Transformations are covered in more detail in training/inference pipelines, as transformations typically happen after the feature store. If you store transformed features in feature groups, the feature data is no longer useful for EDA (as it near to impossible for Data Scientists to understand the transformed values). It also makes it impossible for inference pipelines to log untransformed feature values and predictions for an operational model. There is one use case for storing transformed features in feature groups - when you need to have ultra low latency when reading precomputed features (and online transformations when reading features add too much latency for your use case). The figure below shows to include transformations in your feature pipelines.

Feature Engineering in Python#

Python is the most widely used framework for feature engineering due to its extensive library support for aggregations (Pandas), data validation (Great Expectations), and dimensionality reduction (embeddings, PCA), and transformations (in Scikit-Learn, TensorFlow, PyTorch). Python also supports open-source feature engineering frameworks used for automated feature engineering, such as featuretools that supports relational and temporal sources.

Feature Engineering in Spark/PySpark#

Spark is popular as a feature engineering framework as it can scale to process larger volumes of data than Python, and provides native support for aggregations, and it supports many of the same data validation (Great Expectations), and dimensionality reduction algorithms (embeddings, PCA) as Python. Spark also has native support for transformations, which are useful for analytical models (batch scoring), but less useful for operational models, where online transformations are required, and Spark environments are less common. Online model serving environments typically only support online transformations in Python.

Feature Engineering in SQL#

SQL has grown in popularity for performing heavy lifting in feature pipelines - computing aggregates on data - when the input data already resides in a data warehouse.
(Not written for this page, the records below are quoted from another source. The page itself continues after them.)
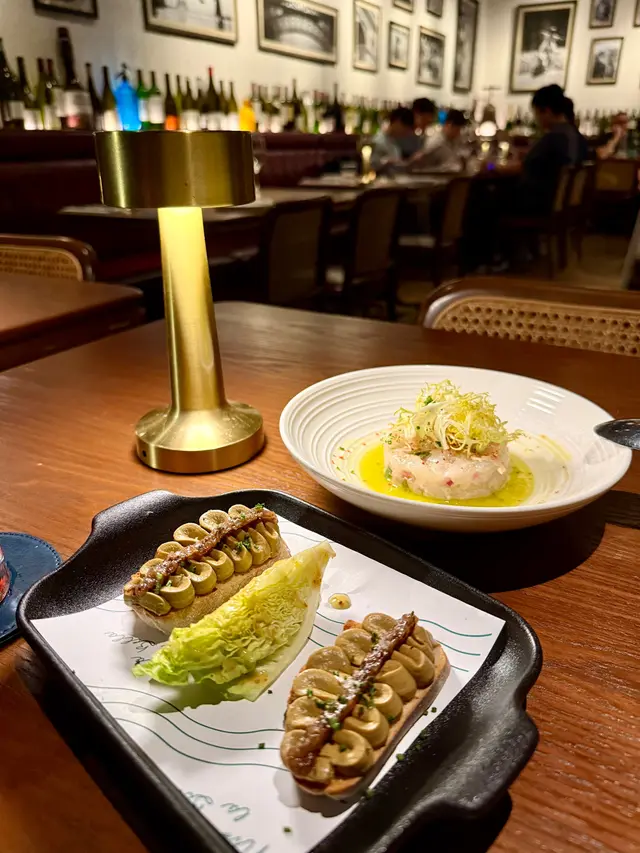 之前去巴黎旅行都好鐘意去小酒館用餐,可以品嘗正宗地道嘅法式味道返到香港都好想搵間巴黎小酒館享受一下係上環差館上街就有一間裝潢走復古巴黎風格嘅小酒館店內牆身掛著大量黑白舊照片,大量酒樽做裝飾,配上木製家具,優雅嘅氛圍,營造出法式嘅浪漫感真係非常適合情侶約會或三五知己一同聚餐食物方面:Smoked Sardines : 底層係傳統冷湯配上意大利黑醋,煙燻沙甸魚味道濃郁,配搭上清新果香嘅麝香葡萄一齊食,味道平衡得剛剛好,一款好有驚喜嘅前菜Chicken Liver Parfait : 係法式雞肝醬配脆麵包,雞肝醬口感細膩柔滑,入口即化,帶有濃郁的肝臟香氣和奶油般的綿密感,配上外皮酥脆內裡鬆軟嘅麵包,與雞肝醬的柔滑形成鮮明對比,口感豐富,味道鮮明,令人回味Rigatoni Carabineros : 賣相非常吸睛嘅紅蝦龍蝦汁粗管麵,用上熱盤上枱,份量超多,足夠兩個人食,粗管麵口感有嚼勁,吸收曬濃郁嘅龍蝦汁,再配上超大隻嘅西班牙紅蝦,蝦肉鮮甜爽彈, 蝦膏鮮味無比,充滿鮮味嘅招牌主食之一Profiteroles : 外層鬆脆嘅法式泡芙,配上雲呢拿雪糕、鮮忌廉及朱古力醬,再淋上朱古力醬,令到口感更加豐富,美味嘅法式甜品Rose : 以玫瑰糖漿、檸檬汁、蘇打水為基調,再加上西柚嘅酸甜味道,口感清新…ดูเพิ่มเติม
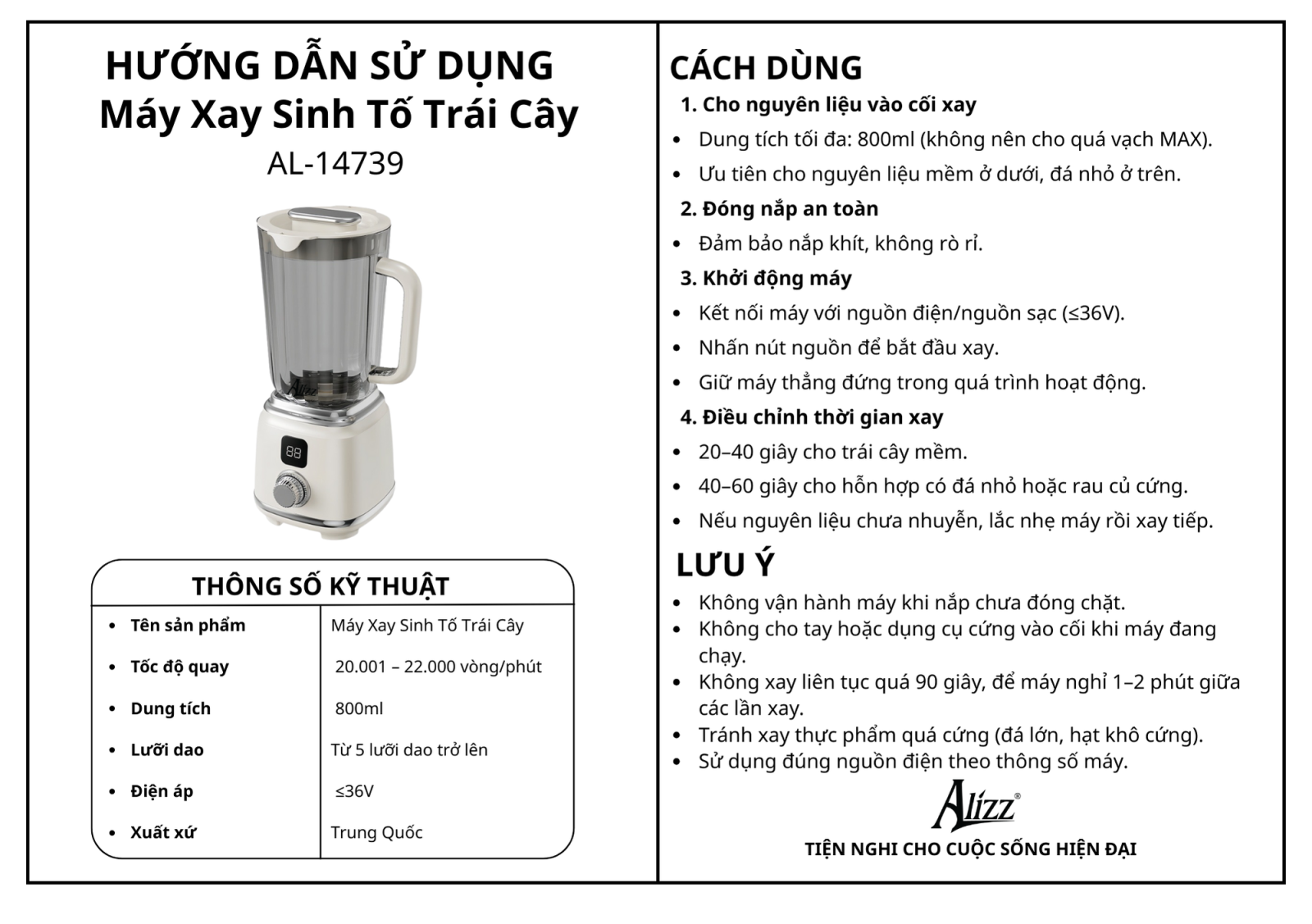 MÁY XAY SINH TỐ TRÁI CÂY ALIZZ AL-14739
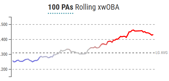 If he doesn’t completely disappear over the next couple weeks, this will go down as the best month of his career. The last time he posted a wOBA over .400 in a single month was June 2023 at the dawn of his career, and he’s at .467 so far in April. I’d be quite surprised if he led the league in homers and had a wRC+ anywhere near 200 by season’s end: His BABIP currently sits at .350, nearly 40 points above his career norm, and over 30% of his flyballs have left the yard, nearly triple his career norm. At the same time, his underlying numbers are excellent: His xwOBA is not too far behind reality at .451, his hard-hit rate is a hair over 60%, and his xwOBA on balls in play is in excess of .600. To say he’s destroying the baseball is an understatement, and he made some adjustments to do so.
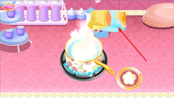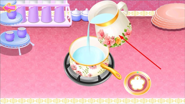 进入厨房界面后,第一步要根据提示将水壶中的水倒进锅里。
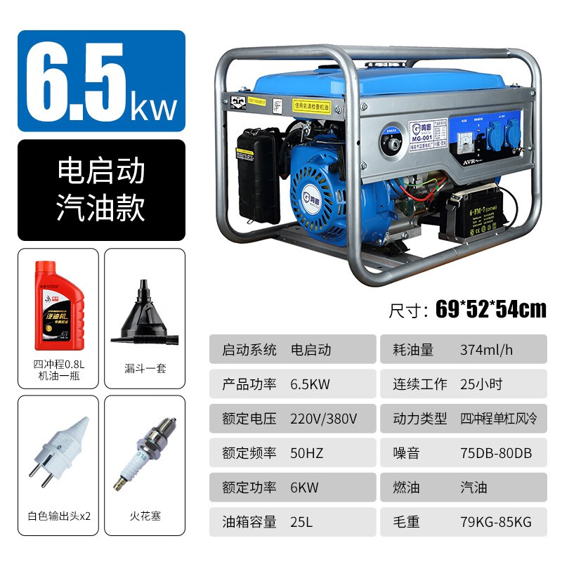 鸣固汽油发电机6.5kw单相220V家用小型低噪发电机组应急便携电启动(单位:台) 蓝色
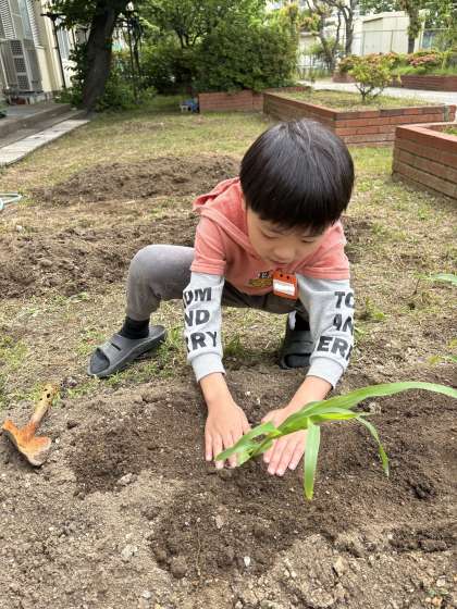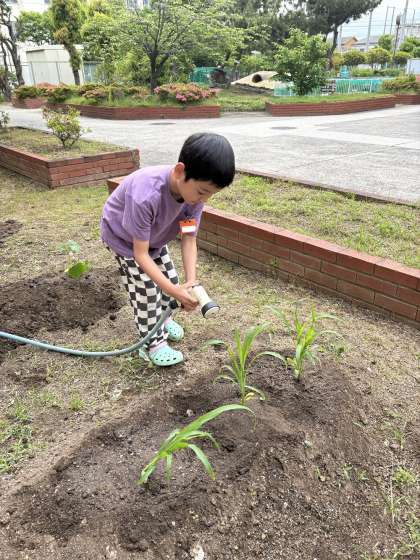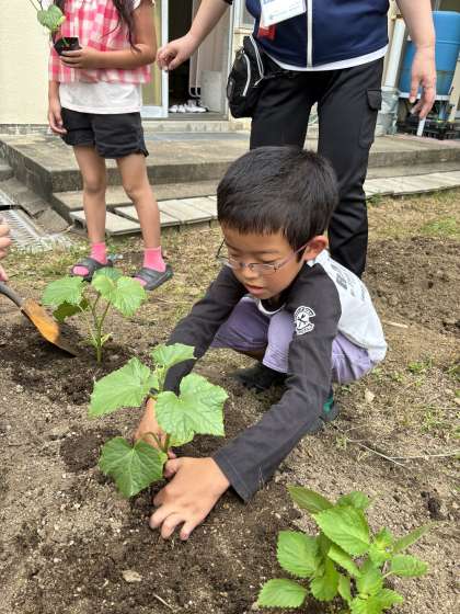 ミニトマト、トウモロコシ、きゅうり、大葉を植えました。

Data warehouses also support data validation, for example, through Great Expectations in DBT. However, SQL is not mature as a platform for transformations and dimensionality reductions, where UDFs are applied row-wise.

You can do aggregation in SQL for data in your data warehouse or database.

Flink is used for feature engineering when you need very fresh features computed in real-time. Flink pipelines are often written in Java, and provide native support for aggregations, with dimensionality reduction algorithms and transformations also possible in Java.